Search code examples
postgresqlbusiness-logicdata-layersapplication-layer

Using Postgres' external procedural languages over application code


I am trying to figure out the advantages and disadvantages of using non-plpgsql procedural languages (PL/Python, PL/Perl, PL/v8, etc.) to implement data manipulation logic on the database level instead of going up to model level/ORM of the application framework that interacts with the database (Rails, Entity Framework, Django, etc.) and implementing it there.
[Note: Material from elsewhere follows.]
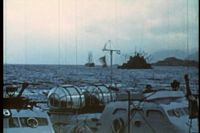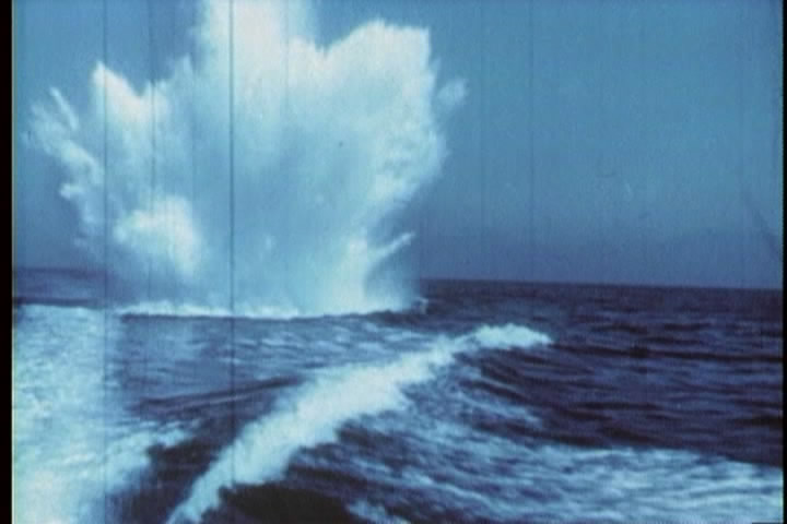 The film says there is almost daily contact with enemy subs, but very few ships have actually been sunk. Destroyers use depth charges to attack subs.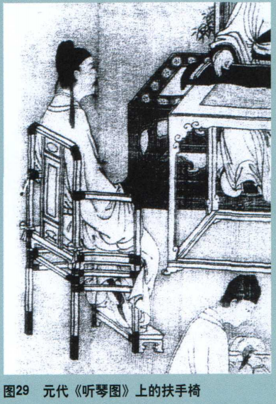 传世的元代作品《听琴图》上绘有一把扶手椅,其靠背板分作三截,上截即作海棠式开光(图29)。

To give a concrete example, say, I have a table that contains Mustache templates, and I want to have them "rendered" somehow. Table definition:

create table templates (
  id serial primary key,
  content text not null,
  data jsonb not null
);

Usually I would go the model code and add and extra method to render the template. Example in Rails:

class Template < ApplicationRecord
  def rendered
    Mustache.render(content, data)
  end
end

However, I could also write a PL/Python function that would do just that but on the database level:

create or replace function fn_mustache(template text, data jsonb)
returns text 
language plpython3u
as $$
  import chevron
  import json
  return chevron.render(template, json.loads(data))
$$;

create view v_templates as 
  select id, content, data, fn_mustache(content, data) as rendered
    from templates;

This yields virtually the same result functionality-wise. This example is very basic, yet the idea is to use PL/Python (or others) to manipulate the data in a more advanced manner than PL/pgsql can allow for. That is, PL/pgsql does not have the same amount of libraries that any generic programming language provides today (in the example am relying on implementations of Mustache templating system which would not be practical to implement in PL/pgsql in this case). I obviously would not use PL/Python for any sort of networking or other OS-level features, but for operations exclusively on data this seems like a decent approach (change my mind).
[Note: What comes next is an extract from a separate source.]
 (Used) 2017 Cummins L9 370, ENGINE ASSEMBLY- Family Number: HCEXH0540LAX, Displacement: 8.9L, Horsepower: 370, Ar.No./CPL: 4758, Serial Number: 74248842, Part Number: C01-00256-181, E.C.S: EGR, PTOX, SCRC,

Points that I can observe so far:

  • PL/Python is an "untrusted" language which I guess makes it by definition more dangerous to write a function in since you have access to syscalls; at least it feels like the cost of messing up a PL/Python function is higher than that of the mistake on the application layer, since the former is executed in the context of the database
  • Database approach is more extensible since I am working on the level that is the closest to the data, i.e. I am not scattering the presentation logic across multiple "tiers" (ORM and DB in this case). This means that if I need some other external service interested in interacting with the data, I can plug it directly into the database, bypassing the application layer.
  • Implementing this on model level just seems much simpler in execution
  • Supporting the application code variant seems easier as well since there are less concepts to keep in mind

What are the other advantages and disadvantages of these two approaches? (e.g. performance, maintainability)


Solution

  • You are wondering whether to have application logic inside the database or not. This is to a great extent a matter of taste. In the days of yore, the approach to implement application logic in database functions was more popular, but today it is usually frowned upon.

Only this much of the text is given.